Specialists Kristine MacDonald and Stan Schmick from Bronze Age Foundry made the structural repairs and completely refinished the soldier and sailor statues of the monument.

It’s looking as good as new. Phase II of the World War I monument restoration at the Mohave County Courthouse in Kingman is complete.

“The monument has now been fully restored to its original condition and the dignity it deserves. The result is stunning!” said Az MODD Charities Director Bob Wallace. The group led the effort to collect donations to bring the monument back up to snuff. A machine gun replica between the two figures has been stolen and the stuatues themselves were deteriorating.

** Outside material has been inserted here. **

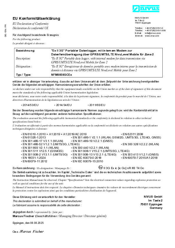 EU Konformitätserklärung | "Ex II 3G" Portabler Datenlogger, mit internem Modem zur Datenfernübertragung über GPRS/UMTS/LTE NivuLevel Mobile für Zone 2

“The people of Mohave County who all came together to fund this restoration work have demonstrated that they recognize and will not forget those who served in World War I to protect our freedoms,” Wallace said.

Phase I of the project was completed over the summer when the missing machine gun was replaced with a bronze replica along with landscaping, surveillance and lighting improvements. During that process, it was discovered the statues had major structural cracks that would require additional repairs. Attempts to remove accumulated alkali and silicon deposits on the monument needed some additional attention.

For Phase II, substantial wooden scaffolding was erected around the monument to allow access for the delicate refinishing work.

The Bronze Age Foundry in Prescott brought the monument back to its former glory.

Metal chasing specialists Kristine MacDonald and Stan Schmick from Bronze Age performed their magic as they made structural repairs and refinished the two statues of the monument. It involved removing and cleaning 90 years of accumulated natural debris, alkali from landscaping over-spray and natural aging of the copper metal to reveal the intricate details of the sculptures. The pair then applied a series of nitrates and other chemicals to create a patina finish identical to the original when the monument was erected in 1928.

The bronze and pressed copper sculpture was designed by E. M. Viquesney. It was rededicated on June 29 during a street party in Kingman. The date was chosen to coincide with the 101st anniversary of the mostly forgotten World War I Battle of Belleau Wood in northern France.